## EXTRACTED ENTRIES:
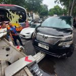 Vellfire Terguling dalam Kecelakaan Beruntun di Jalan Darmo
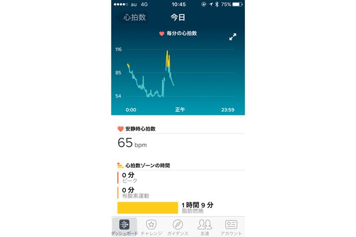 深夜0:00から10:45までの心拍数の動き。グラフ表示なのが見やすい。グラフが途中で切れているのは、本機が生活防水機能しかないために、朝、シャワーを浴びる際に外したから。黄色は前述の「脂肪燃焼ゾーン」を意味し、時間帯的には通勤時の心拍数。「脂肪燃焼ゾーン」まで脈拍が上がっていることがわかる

* * *

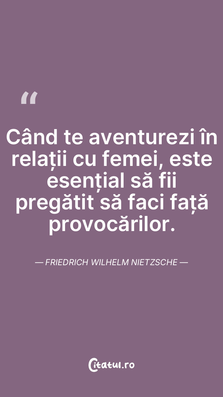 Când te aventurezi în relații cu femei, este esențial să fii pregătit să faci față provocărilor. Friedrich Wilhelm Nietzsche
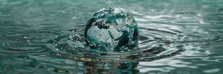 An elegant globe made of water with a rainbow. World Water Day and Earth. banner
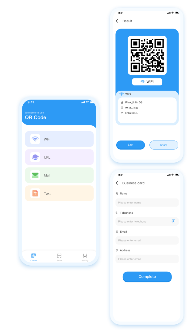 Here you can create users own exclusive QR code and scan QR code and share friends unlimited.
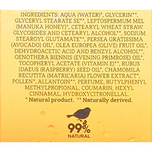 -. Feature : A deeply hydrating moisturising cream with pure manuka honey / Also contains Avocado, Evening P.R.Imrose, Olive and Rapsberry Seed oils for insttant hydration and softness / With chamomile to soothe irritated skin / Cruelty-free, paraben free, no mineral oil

## GOAL OF THE EXERCISE:
Word for word, restate the lines above from the one with "Vellfire Terguling dalam" through the one with "深夜0:00から10:45ま", keeping both ends and dropping the pictures.

## YOUR RESPONSE:
 Vellfire Terguling dalam Kecelakaan Beruntun di Jalan Darmo
 深夜0:00から10:45までの心拍数の動き。グラフ表示なのが見やすい。グラフが途中で切れているのは、本機が生活防水機能しかないために、朝、シャワーを浴びる際に外したから。黄色は前述の「脂肪燃焼ゾーン」を意味し、時間帯的には通勤時の心拍数。「脂肪燃焼ゾーン」まで脈拍が上がっていることがわかる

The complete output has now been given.